[Start of section]

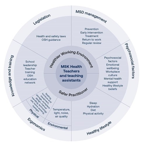 In essence, this means identifying the MSD hazards and risks teachers may be exposed to, developing a culture of MSD prevention in schools and educating teaching staff about how to reduce MSD risks to themselves and maintain good musculoskeletal health more widely.
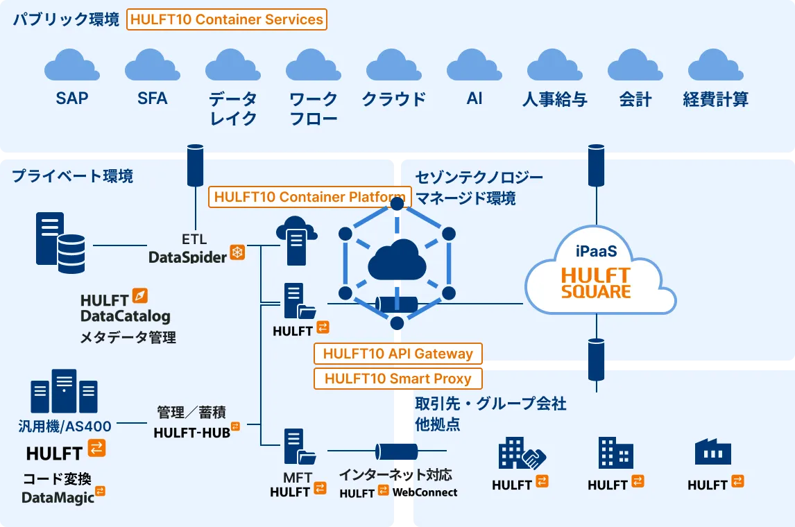 HULFT SquareやDataSpiderなどの製品は、主要なクラウド(AWS、Azure、Google Cloud等)やSaaS(Salesforce、kintoneなど)との連携テンプレートやコネクタを多数備えています。オンプレミス・クラウドのハイブリッド環境にも柔軟に対応可能です。
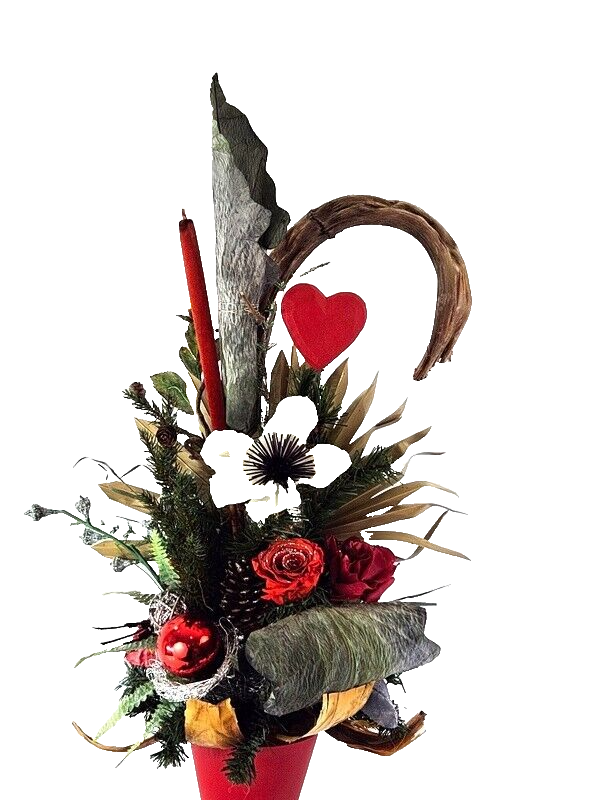 Toller künstlicher Tannenzweig, di cke rote Rosen,
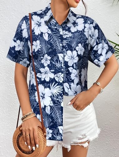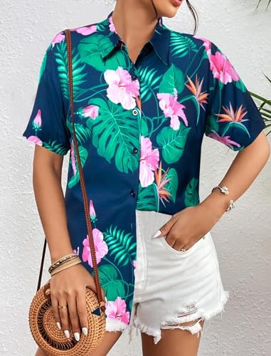 MYHALF 女式夏威夷衬衫柔软凉爽夏季夏威夷衬衫花卉热带印花 V 领 T 恤短袖纽扣上衣
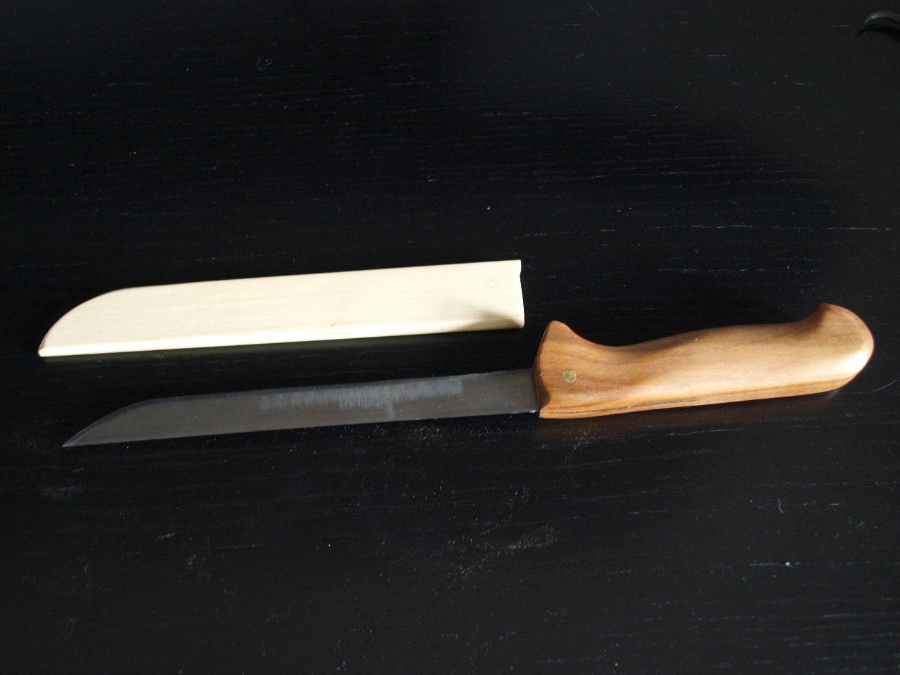 Die Scheide war ein Schnellschuss, aus drei Teilen zusammengeleimt. Die innere Schicht wurde als Negativ vom Messer ausgesägt.
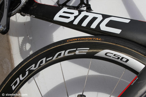 Most of the Uplace-BMC Triathlon team members race on C50 wheels up front. The tire here is a 25mm Continental Competition Pro Ltd.
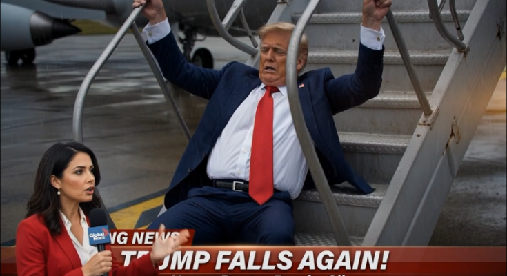 According to these unverified accounts, Trump allegedly lost his balance while ascending the aircraft stairs, prompting renewed discussion about his physical condition. Some versions of the story further suggested that a White House physician had commented on a possible “repeat fall” and hinted at an undisclosed medical issue. However, no official medical statement, authenticated report, or verified video evidence has been made public to support these assertions.
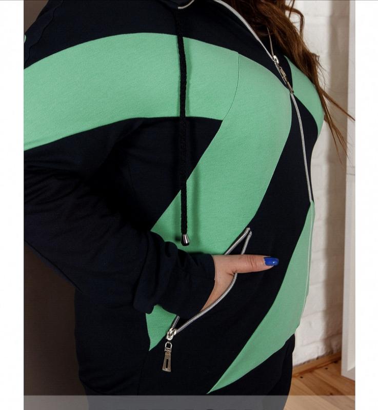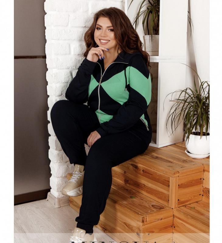 Яскравий спортивний костюм батал з вітровкою та брюками. Вітрівка з капишоном, через капишон пропущено шнурок, відчини укріплені люверсами. Застібка - блискавка спереду по центру. По боках - прорізані кишені з блискавками. Рукава з м'яким якими манжетами. Штани з високим насадом та вшитою до поясу резинкою, мають кишені у швах по боках внизу на які манжети. МАТЕРІАЛ: Трикотаж двохнитка РОЗТЯЖНІСТЬ: Середня розтяжність (2-4см) КОЛІР: Лаванда, Лайм, Синій-ментол, чорний-гірчиця, чорний-червоний, синій - пудра Орієнтовні заміри готового виробу: Кофта: ☑️50-52 р-р: довжина виробу: 70см, обхват рукава 38см, довжина рукава від горловини 75см, ОГ - 112см, ВІД - 110см, ПРО - 110см. ☑️54-56 р-р: довжина виробу: 71см, обхват рукава 40см, довжина рукава від горловини 76см, ОГ - 120см, ВІД - 118см, ПРО - 118см. ☑️58-60 р-р: довжина виробу: 72см, обхват рукава 43см, довжина рукава від горловини 77см, ОГ - 128см, ВІД - 126см, ПРО - 126см. ☑️62-64 р-р: довжина виробу: 73см, обхват рукава 45см, довжина рукава від горловини 78см, ОГ - 136см, ВІД - 134см, ПРО - 134см. Штани: ☑️50-52 р-р: довжина штанів по внутрішньому шву 76см, довжина штанів по зовнішньому шву з урахуванням пояса 105см, ВІД - 78/110см, ПРО -112см. ☑️54-56 р-р: довжина штанів по внутрішньому шву 76см, довжина штанів по зовнішньому шву з урахуванням пояса 106см, ВІД - 86/118см, ПРО -120см. ☑️58-60 р-р: довжина штанів по внутрішньому шву 76см, довжина штанів по зовнішньому шву з урахуванням пояса 107см, ВІД - 94/126см, ПРО -128см. ☑️62-64 р-р: довжина штанів по внутрішньому шву 76см, довжина штанів по зовнішньому шву з урахуванням пояса 108см, ВІД - 102/134см, ПРО -136см. РЕКОМЕНДАЦІЇ ПО ДОГЛЯДУ: делікатне прання ☑️Відеоогляд 🔹Оплата на картку Приватбанку 🔹Накладний платіж по передоплаті (Нова пошта) 🔹Обмін/ Повернення ☑️Зазвичай на збір замовлення йде від 1-го до 4-х робочих днів. З радістю відповім на ваші запитання, допоможу підібрати розмір🌷 арт.17 254
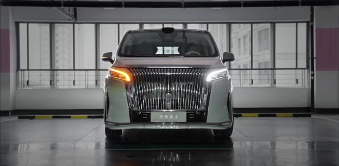 外观上高山 7 延续了 8、9 两款车型大气稳重的风格,采用了「高山流水」的设计语言,前脸为大尺寸「飞瀑式」镀铬中网配合竖向条纹的设计,车身侧面和尾部都是比较标准的 MPV 造型,车身比例协调,没有使用过多夸张的线条,更偏向于传统家庭用户的审美。
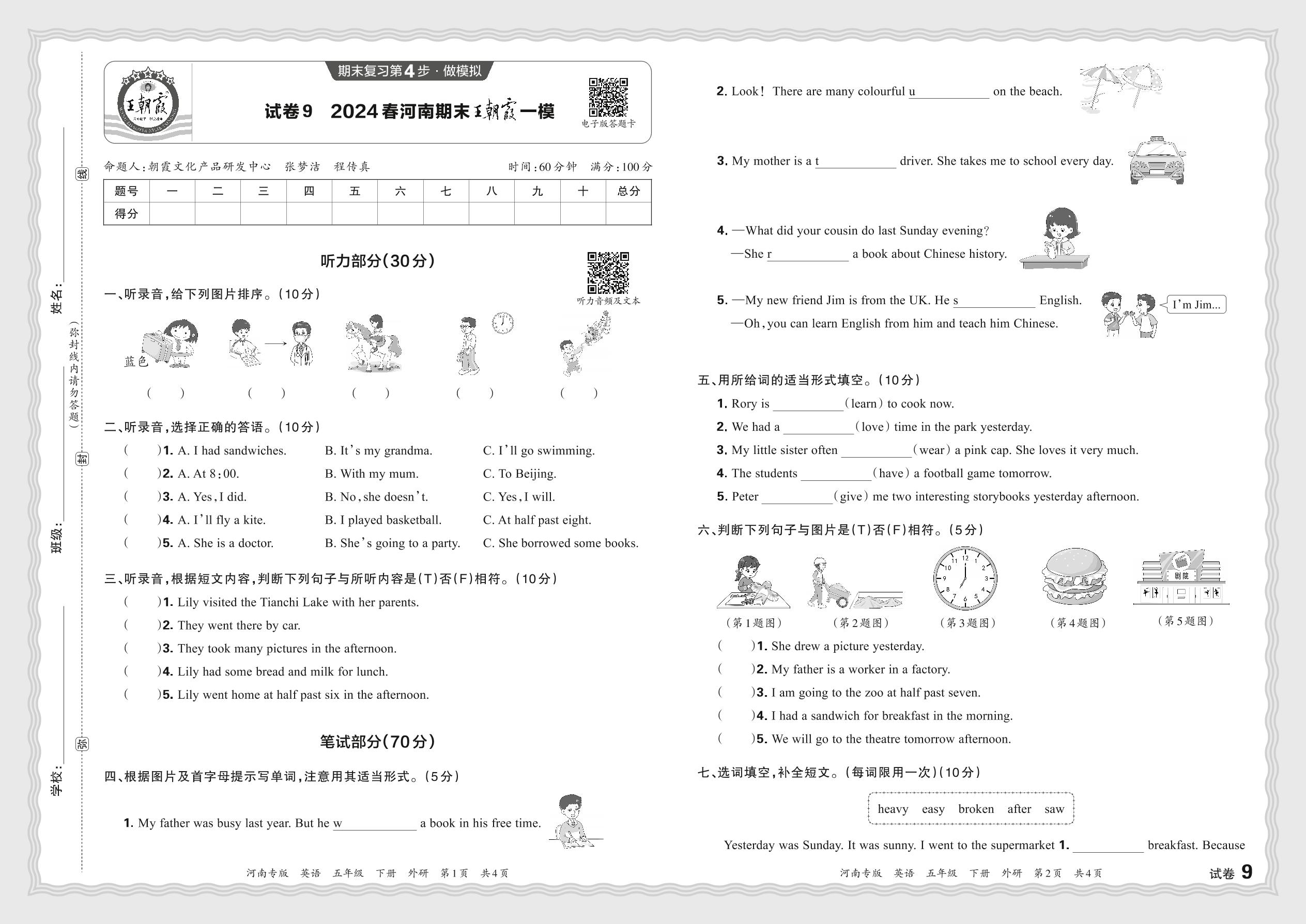 2024春下册五年级英语外研版 河南期末王朝霞一模
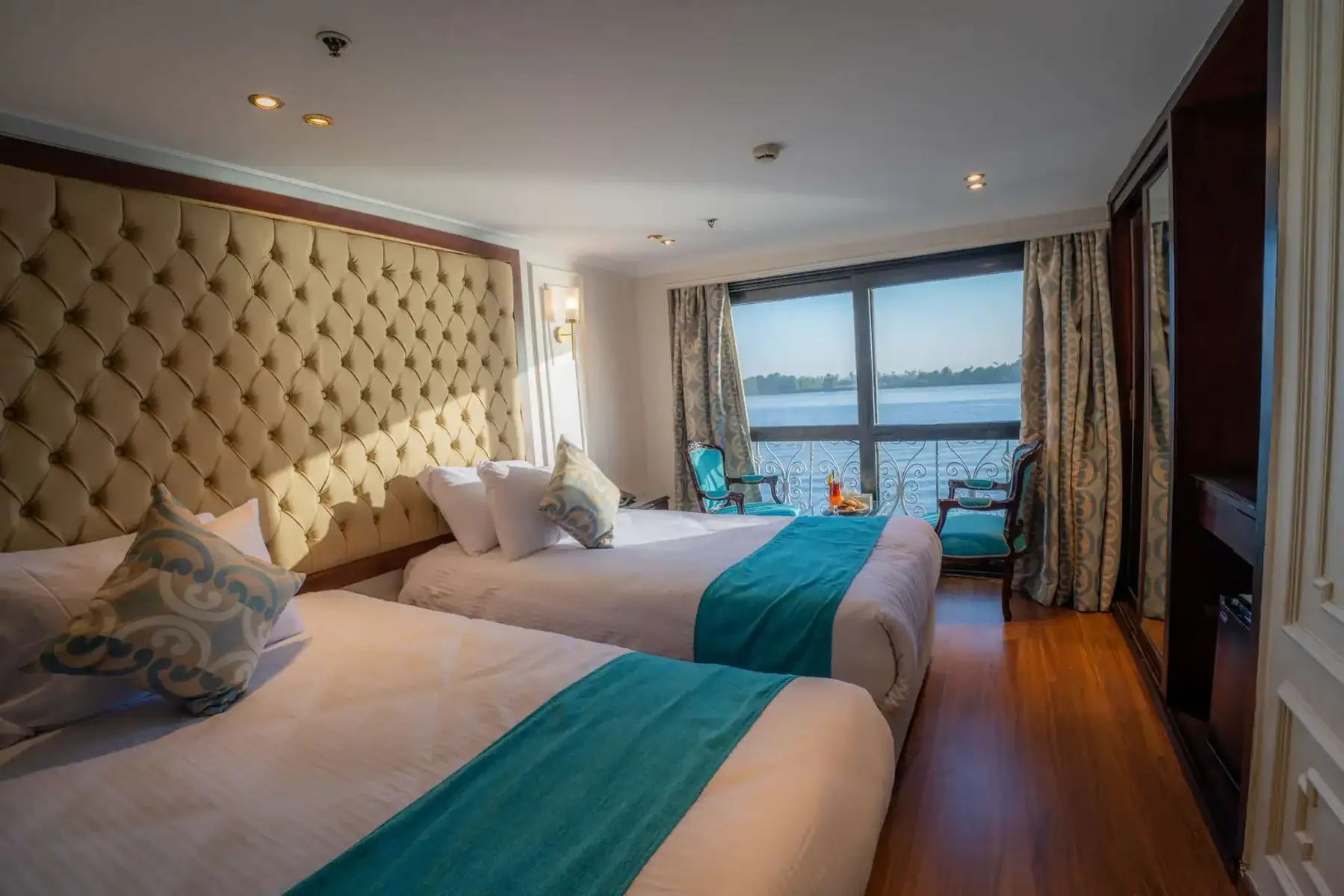 - L’hébergement en cabine double extérieure à bord d’un bateau 5* sur le Nil
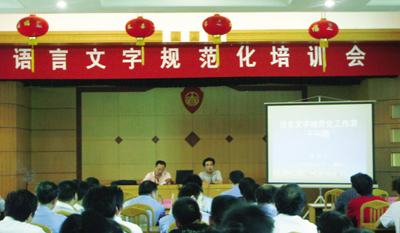 为从源头抓好社会用字的规范与管理,促进我市广告语言文字使用的规范化、标准化,8月18日下午,市工商局组织全体干部职工、全市各广告公司的广告审查人员和专业技术人员参加语言文字规范化培训会。
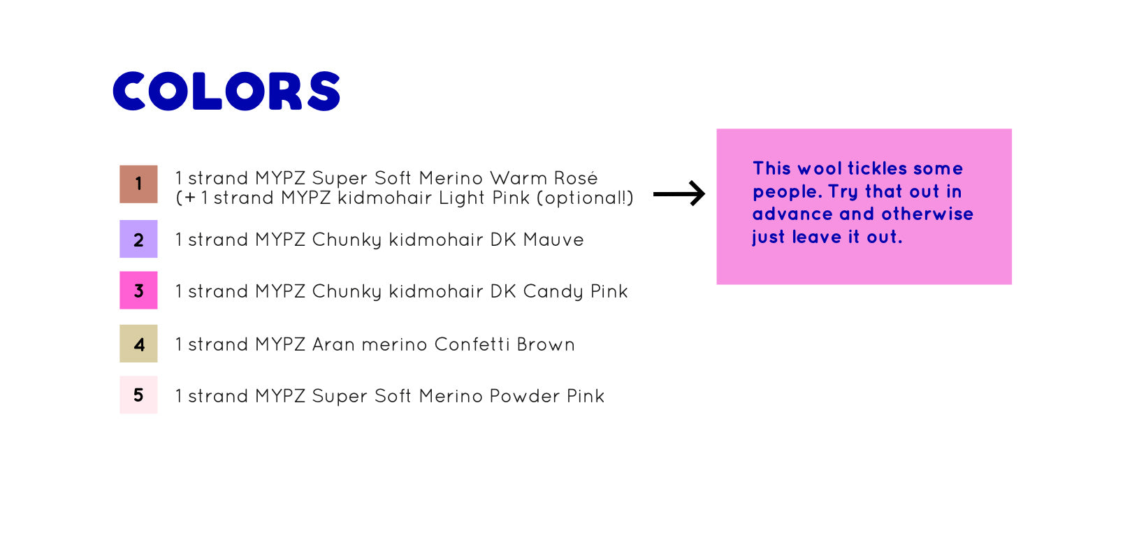 COLOR 3: ±82 meter MYPZ Chunky kidmohair DK (78% Mohair, 13% Wool, 9% Nylon | 50g - 100m) 3 or any other hairy DK - weight yarn (+15m S/M) (+30m M/L) (+50m L/XL) (+90m XL/XXL) (+130m 3XL)
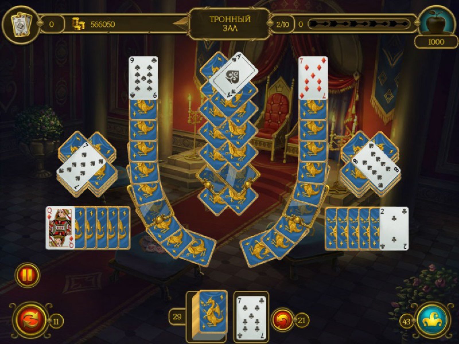 Кто отважиться спасти принцессу из заточения в темной башне? Принц на белом коне? Вовсе нет! Чтобы открыть двери заколдованного замка, достаточно пройти все уровни нового пасьянса! Вам уже приходилось однажды выигрывать рыцарский турнир и оказывать победу в поединке с настоящим драконом. В третьей части игры Вас ждет не менее увлекательное приключение! Откройте все 12 локаций старого замка, собирайте цепочки карт, используйте магические бонусы, делайте комбо и выигрывайте дополнительные награды!
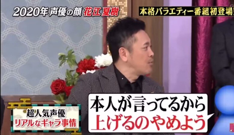 ・しゃべくりメンバーからは「強気の設定にしたら?」「ギャラ上げてもらわないと」など、あまりの安さに驚きと心配の声があがったが、花江は「いやー、まだ、アニメでいっぱい名前を知ってもらうのが大事なことだと思うんで」「(ギャラ設定は)変わらずやると思います」と微笑み、さらに驚かせた。
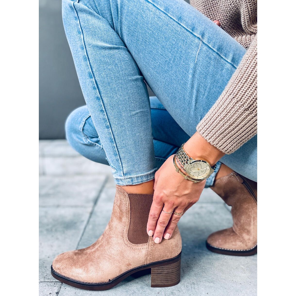 Fabriqués en daim écologique, ils se caractérisent par un matériau agréable au toucher qui non seulement est beau, mais assure également un confort de port. Une fermeture zippée sur le côté de la tige permet de l'enfiler facilement, et l'insert élastique au niveau de la cheville fait référence aux bottines Chelsea classiques, ajoutant un look moderne aux bottes.

[End of section]

● **WHAT YOU WILL DO**
Starting from the line with "为从源头抓好社会用字的规范与" in the records above, repeat each line exactly until you have written the line with "COLOR 3: ±82", then stop; drop the pictures.

● **EXERCISE ANSWER**
 为从源头抓好社会用字的规范与管理,促进我市广告语言文字使用的规范化、标准化,8月18日下午,市工商局组织全体干部职工、全市各广告公司的广告审查人员和专业技术人员参加语言文字规范化培训会。
 COLOR 3: ±82 meter MYPZ Chunky kidmohair DK (78% Mohair, 13% Wool, 9% Nylon | 50g - 100m) 3 or any other hairy DK - weight yarn (+15m S/M) (+30m M/L) (+50m L/XL) (+90m XL/XXL) (+130m 3XL)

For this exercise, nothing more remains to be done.